What is needed —
Your copy should start at the line with "Diskusi yang bertajuk" and end at the line with "This app facilitates" in the data below. Transcribe only those lines, exactly, pictures excluded.

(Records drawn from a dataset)
****************

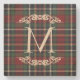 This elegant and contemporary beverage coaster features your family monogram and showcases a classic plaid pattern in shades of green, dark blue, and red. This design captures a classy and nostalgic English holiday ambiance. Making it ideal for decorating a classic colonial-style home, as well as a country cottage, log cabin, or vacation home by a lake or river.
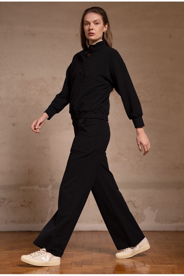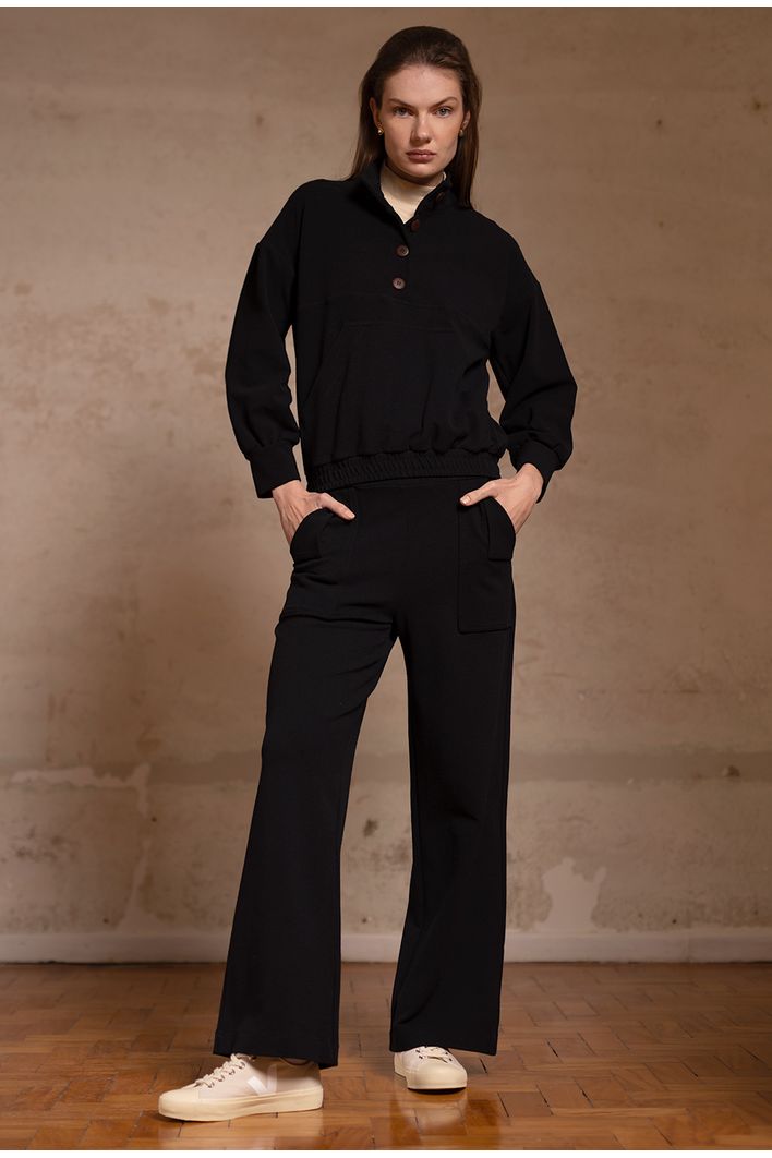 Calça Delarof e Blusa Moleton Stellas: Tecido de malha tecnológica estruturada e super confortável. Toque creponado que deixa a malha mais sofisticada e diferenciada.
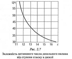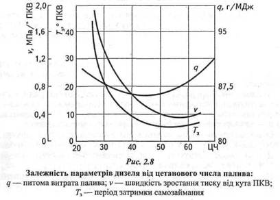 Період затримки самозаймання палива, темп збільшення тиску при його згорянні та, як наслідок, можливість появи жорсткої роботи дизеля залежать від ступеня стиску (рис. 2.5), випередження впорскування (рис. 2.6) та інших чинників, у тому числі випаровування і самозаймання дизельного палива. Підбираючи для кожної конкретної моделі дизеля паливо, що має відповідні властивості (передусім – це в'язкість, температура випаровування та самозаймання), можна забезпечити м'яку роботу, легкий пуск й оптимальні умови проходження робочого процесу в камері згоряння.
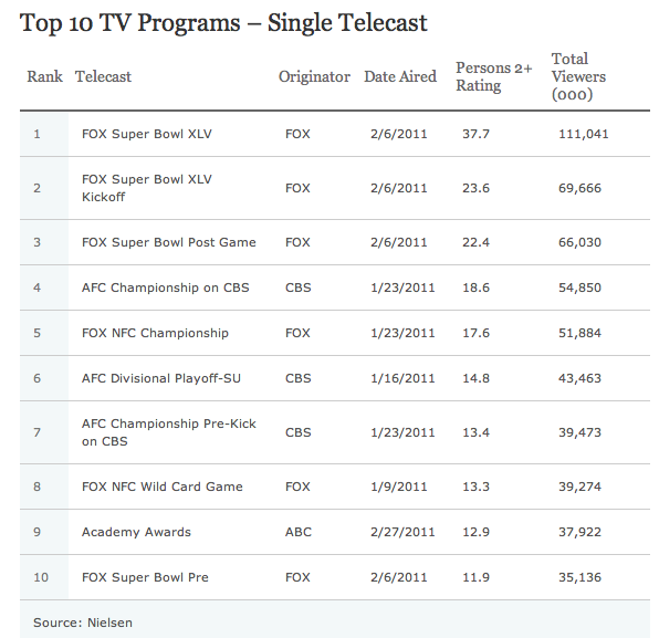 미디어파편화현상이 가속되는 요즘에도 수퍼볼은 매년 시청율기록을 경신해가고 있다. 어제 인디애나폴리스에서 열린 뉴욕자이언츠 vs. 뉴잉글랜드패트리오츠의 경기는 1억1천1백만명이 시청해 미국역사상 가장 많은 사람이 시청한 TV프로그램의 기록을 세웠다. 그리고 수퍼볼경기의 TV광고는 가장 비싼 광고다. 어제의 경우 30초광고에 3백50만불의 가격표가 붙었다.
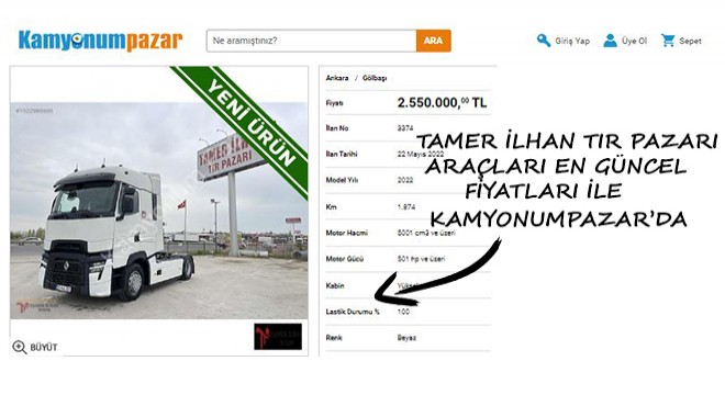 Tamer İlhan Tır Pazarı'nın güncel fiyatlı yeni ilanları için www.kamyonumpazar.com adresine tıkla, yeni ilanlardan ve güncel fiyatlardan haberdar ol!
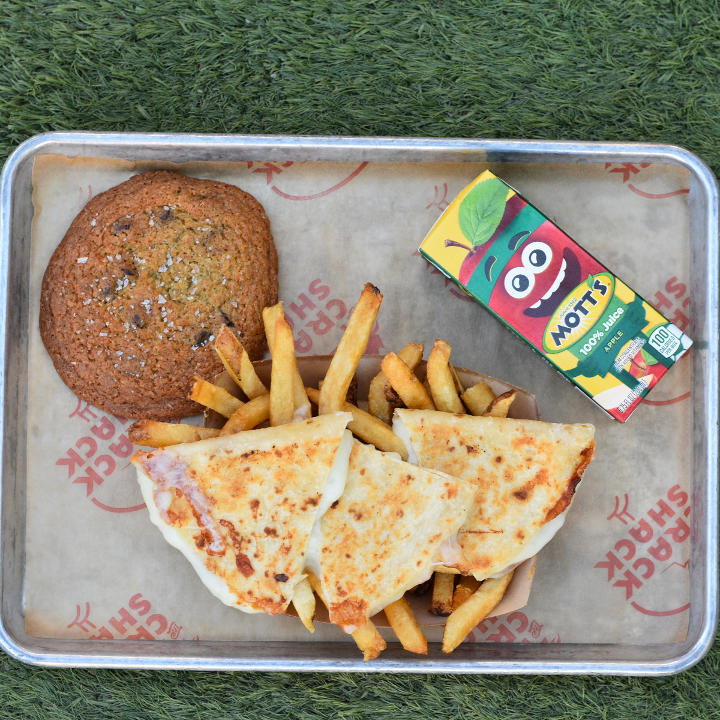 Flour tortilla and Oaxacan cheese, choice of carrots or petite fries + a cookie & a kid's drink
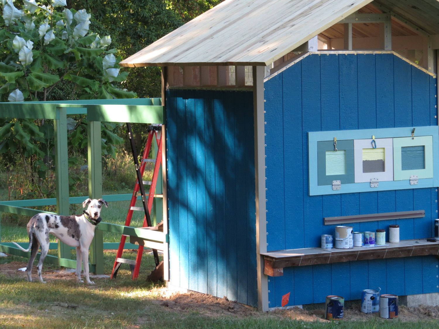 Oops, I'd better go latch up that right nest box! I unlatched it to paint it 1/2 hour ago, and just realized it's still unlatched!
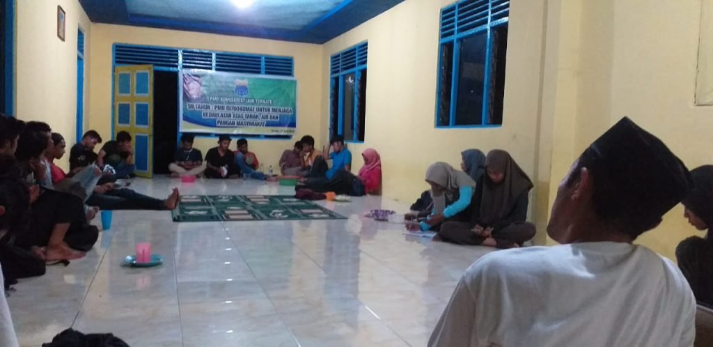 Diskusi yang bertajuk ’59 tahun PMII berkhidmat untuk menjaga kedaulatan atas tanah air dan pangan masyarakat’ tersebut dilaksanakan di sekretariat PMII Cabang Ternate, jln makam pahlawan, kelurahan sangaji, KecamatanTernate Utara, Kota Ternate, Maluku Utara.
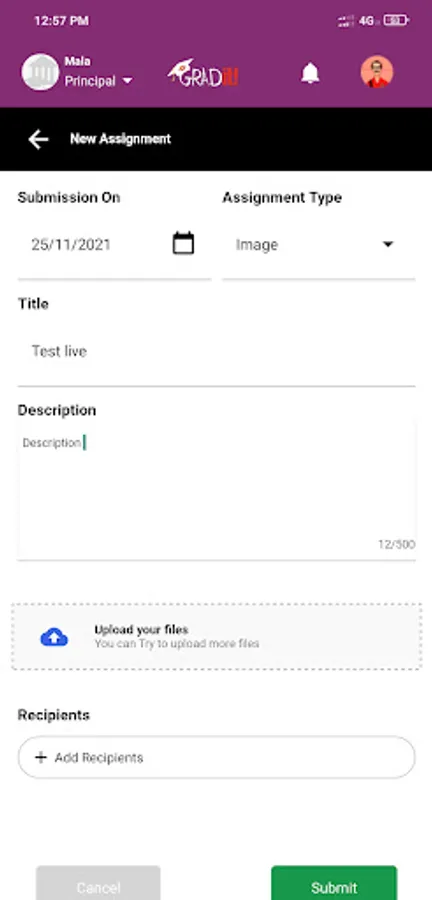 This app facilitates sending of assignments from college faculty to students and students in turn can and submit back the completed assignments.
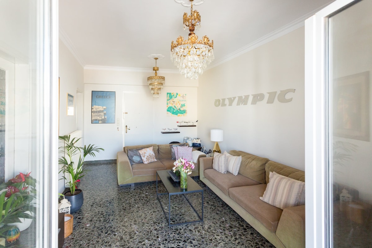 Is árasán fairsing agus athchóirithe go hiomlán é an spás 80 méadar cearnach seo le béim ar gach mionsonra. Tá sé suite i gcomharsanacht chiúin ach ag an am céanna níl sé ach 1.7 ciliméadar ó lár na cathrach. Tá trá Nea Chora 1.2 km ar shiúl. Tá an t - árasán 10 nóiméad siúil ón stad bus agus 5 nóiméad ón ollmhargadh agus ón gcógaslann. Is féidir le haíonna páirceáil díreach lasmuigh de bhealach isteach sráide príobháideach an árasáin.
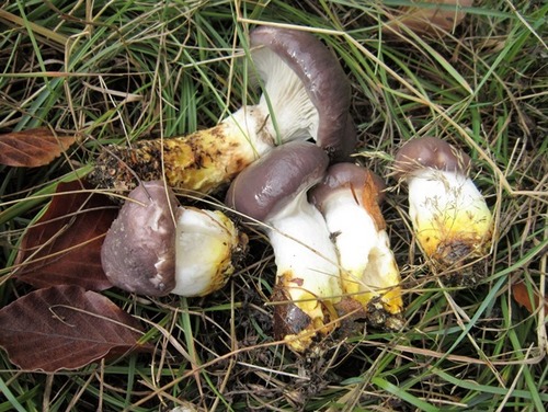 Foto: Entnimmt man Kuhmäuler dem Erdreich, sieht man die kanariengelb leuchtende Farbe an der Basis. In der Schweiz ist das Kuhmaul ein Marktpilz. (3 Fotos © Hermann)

****************

Response to this exercise —
 Diskusi yang bertajuk ’59 tahun PMII berkhidmat untuk menjaga kedaulatan atas tanah air dan pangan masyarakat’ tersebut dilaksanakan di sekretariat PMII Cabang Ternate, jln makam pahlawan, kelurahan sangaji, KecamatanTernate Utara, Kota Ternate, Maluku Utara.
 This app facilitates sending of assignments from college faculty to students and students in turn can and submit back the completed assignments.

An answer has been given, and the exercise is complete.